The greatest challenge lies in adult social care. Increasing numbers of people are unable to access social care, and care providers are at risk of collapse. Funding has not kept pace with demand, falling in real terms for most of this decade. Restoring access to 2010/11 levels of service, and investing to stabilise the social care workforce, would require an increase of £12.2bn compared to estimates of funding available in 2023/24 for councils to spend on social care.
4. Health and social care workforce
The number of people employed by NHS providers in England this decade has grown at just half the rate of the 2000s, despite growing need. As a result, the NHS reports a workforce shortage of around 100,000 staff.
The issues in social care are even greater and the outlook is concerning. Workforce shortages stand at around 122,000, with a quarter of staff on a zero-hours contract.

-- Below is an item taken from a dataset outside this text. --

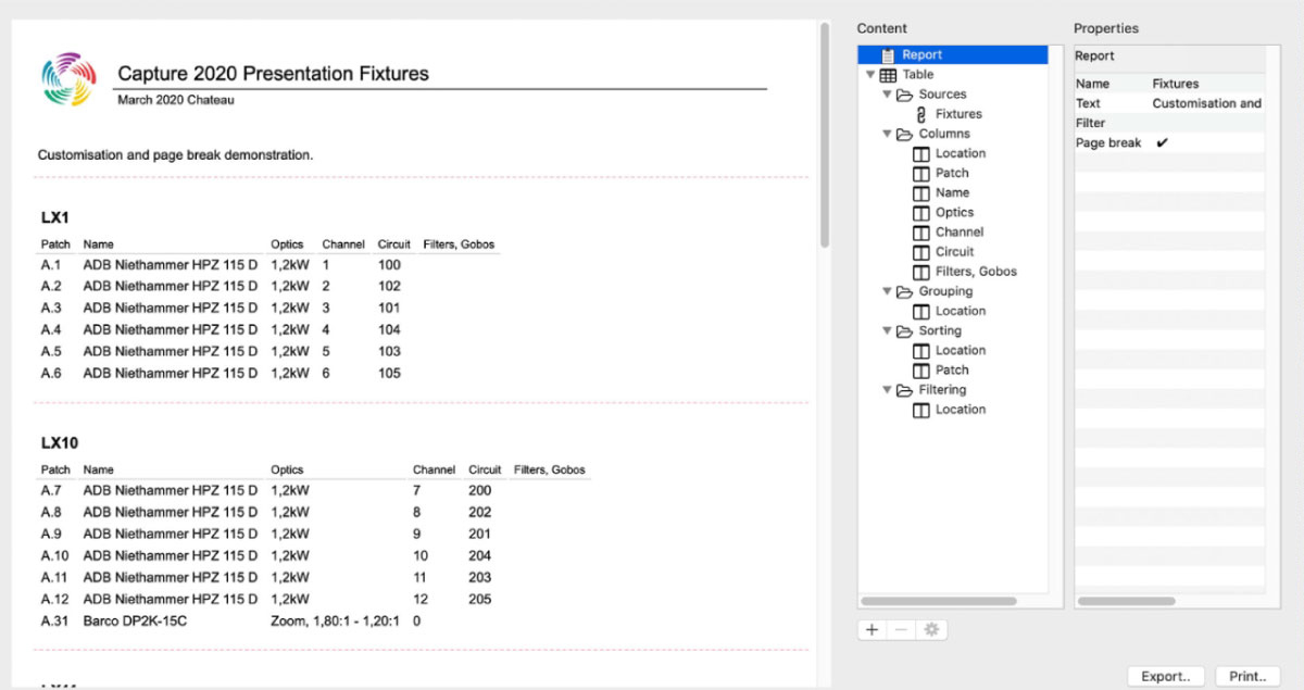 Capture содержит полную встроенную библиотеку осветительных приборов, ферм, светодиодных панелей и видеопроекторов. Важно отметить, что независимо от выбранной лицензии Capture, в проекте можно использовать столько прожекторов, ферм и объектов, сколько нужно. Для подготовки визуализации вполне можно обойтись без внешней DMX-консоли.

Our projections, with the King’s Fund and the Nuffield Trust, suggest that without concerted policy action and dedicated investment, NHS shortages could grow to up to 200,000 by 2023/24, and at least 250,000 by 2030. Nursing remains the key area of shortage (of over 40,000) – and this could double by 2023/24 and grow to over 100,000 by 2028/29.
The number of nurses has grown at just one-third the rate of both doctors and clinical support staff in the past 5 years. Within nursing, the number of nurses working in community and mental health services in 2019 remains below 2014 levels.
This is partly caused by a failure to train enough nurses. In 2011 the number of training places was reduced by more than 10%. The removal of the nurse bursary in 2017 was designed to allow higher education to expand places but it has had limited impact on the number of students in training. Numbers are far below the 25% expansion planned: one in four nurses don’t complete their studies in the expected time and there are fewer mature students training in areas of mental health and learning disability.
Cost of living is a significant barrier for many. Nursing students tend to be older, have more financial commitments, and NHS training precludes undertaking other part-time work. We have recommended offering ‘cost-of-living grants’ of around £5,200 a year to help this.
Despite a 2015 target for 5,000 additional GPs by 2020, the number of qualified permanent GPs has fallen. As a result, the number of patients per GP continues to grow, from 2,120 to 2,180 last year alone.
One consequence of the failure to train and retain staff is that the UK is heavily reliant on international recruitment. This needs to continue: at least 5,000 nurses sourced from abroad a year need to be recruited until 2023/24 to reduce shortages. In 2017/18, the latest data available, just 1,600 nurses from overseas joined English NHS trusts. We do know how many overseas nurses are registered in the UK and therefore potentially available to work in the NHS. There are 33,000 EEA nurses on the register. In 2018/19, 3,400 more nurses came to the UK from outside the EU than in 2017/18. This follows an 85% fall in the number coming to the UK from the EU in recent years.
The social care sector employs a quarter of a million people from beyond the UK. Some areas of the country are particularly reliant; 40% of social care staff in London are from overseas. International recruitment is vitally important for social care and a restrictive immigration policy will make this harder.
As a major employer, typically providing better pay, terms and conditions, and career progression than social care can afford, the NHS has a significant impact on the social care workforce. More must be done to support social care – for instance, matching pay increases in the NHS would cost £1.7bn by 2023/24.